Rz: Jaki będzie tegoroczny festiwal?
Leszek Kopeć: Mam nadzieję, że ciekawy i różnorodny.
W konkursie głównym są filmy bardzo oczekiwane, choćby „Kler" Wojciecha Smarzowskiego czy „7 uczuć" Marka Koterskiego, ale są też zaskoczenia. Muszę więc zapytać o zasadę: czy w konkursie głównym powinien znaleźć się typowy film komercyjny, nawet jeśli w swoim gatunku reprezentuje dobry poziom?

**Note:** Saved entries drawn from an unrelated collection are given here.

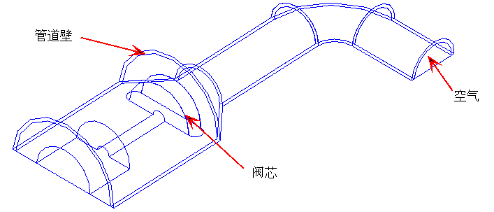 分析几何模型由管道外壁、阀芯和空气三部分构成: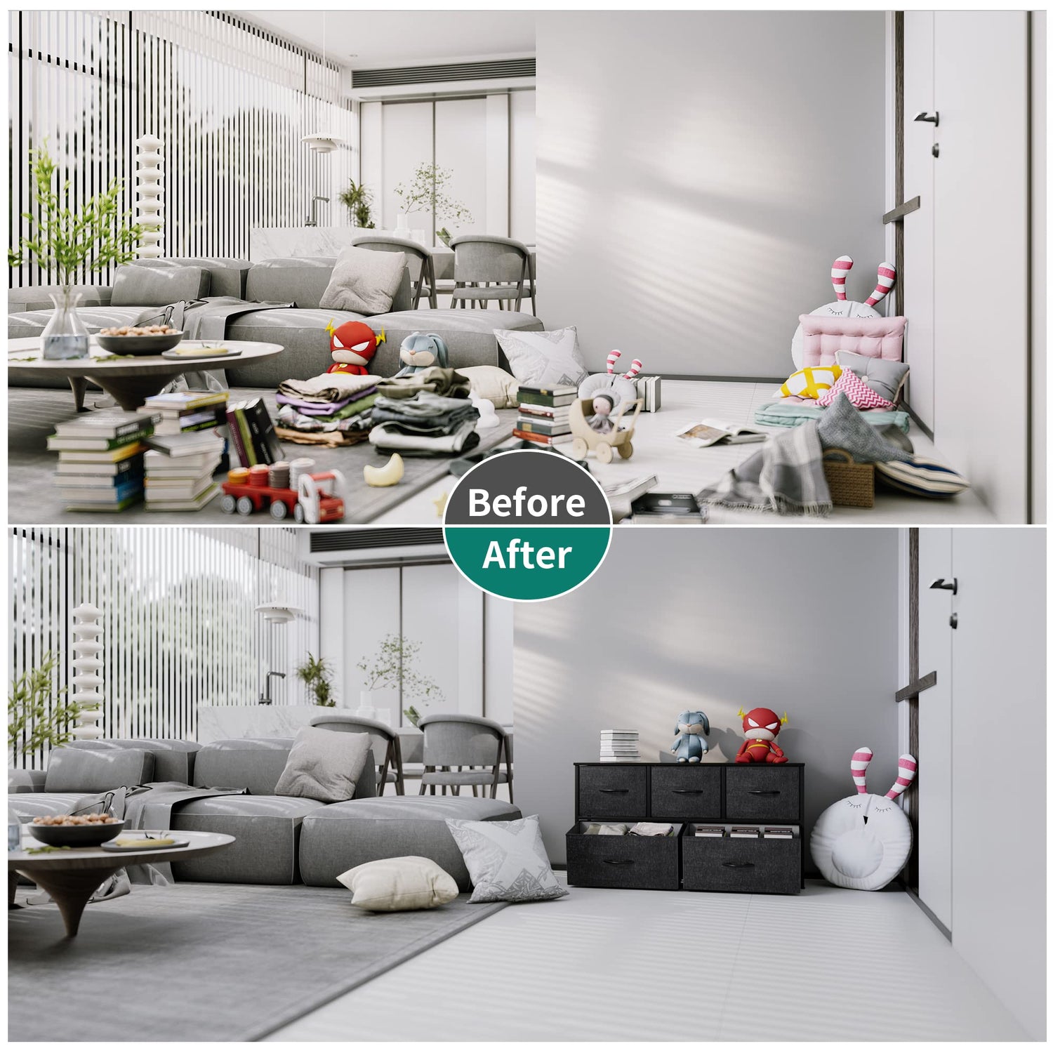 • UNIVERSALLY COMPLEMENTARY- Premium black grey fabric drawers, with sturdy black metal frame and wooden tabletop; Enjoy modern scent and stylish aesthetics that easily complements various living spaces: living rooms, bedrooms, hallways, entryways, closets etc.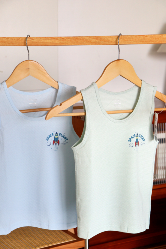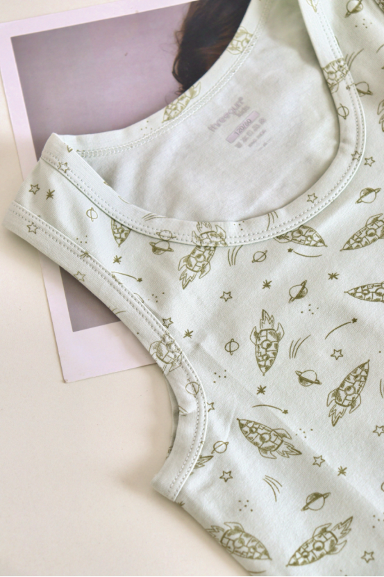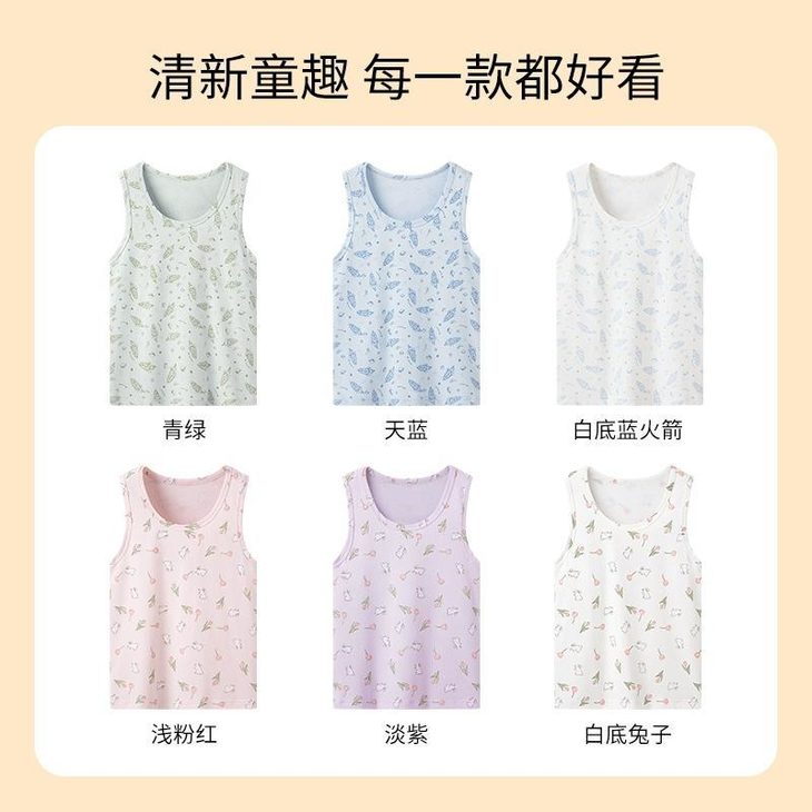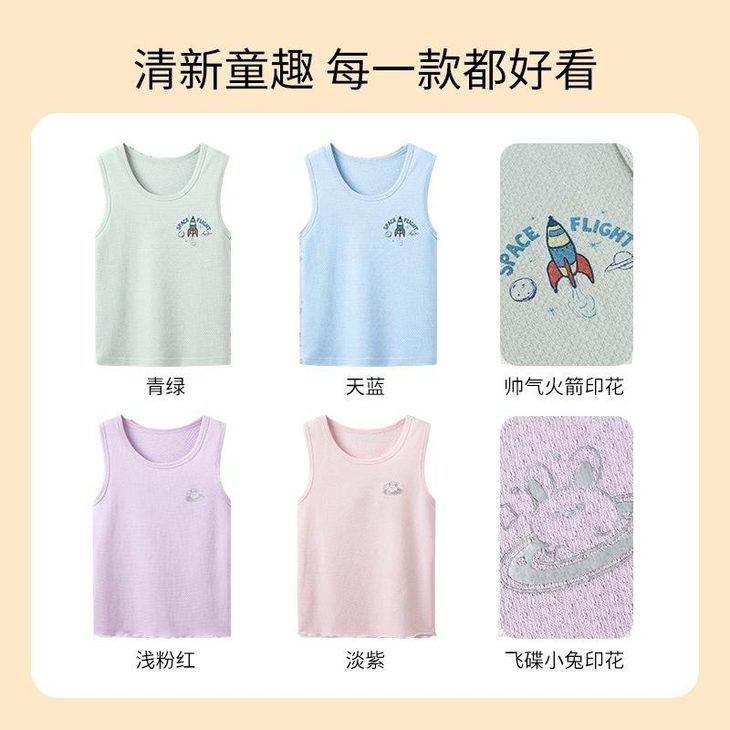 4️⃣【舒服弹力棉少儿圆领背心-萌趣弹力棉爆款】 ✅3A抗菌 防螨,双重防护 ✅95%棉的弹力萌趣款~ ✅白底兔子/火箭印花用食品级水性浆 ✅检测报告重金属0检出,放心接触皮肤! ✅5%的氨纶添加,让背心拥有航天级回弹 ✅3秒穿脱不卡头,幼儿园自理小能手认证 娃蹲地玩玩具,后背不留褶皱印~

Granica między kinem komercyjnym i artystycznym coraz częściej się zaciera. Nawet najciekawsi artyści mają ambicje dotarcia do większej widowni. Myślę, że film Marka Koterskiego może liczyć na dobrą frekwencję. „Juliusz", bo pewnie o ten tytuł pani pyta, był jedną z wielu propozycji komediowych. Inteligentną, z dobrymi dialogami i interesująco zarysowanymi postaciami. A w Gdyni nigdy nie zakładaliśmy, że odcinamy się od propozycji, które mają cechy kina komercyjnego.
Ale samo się obroni, a kinu artystycznemu trzeba pomagać.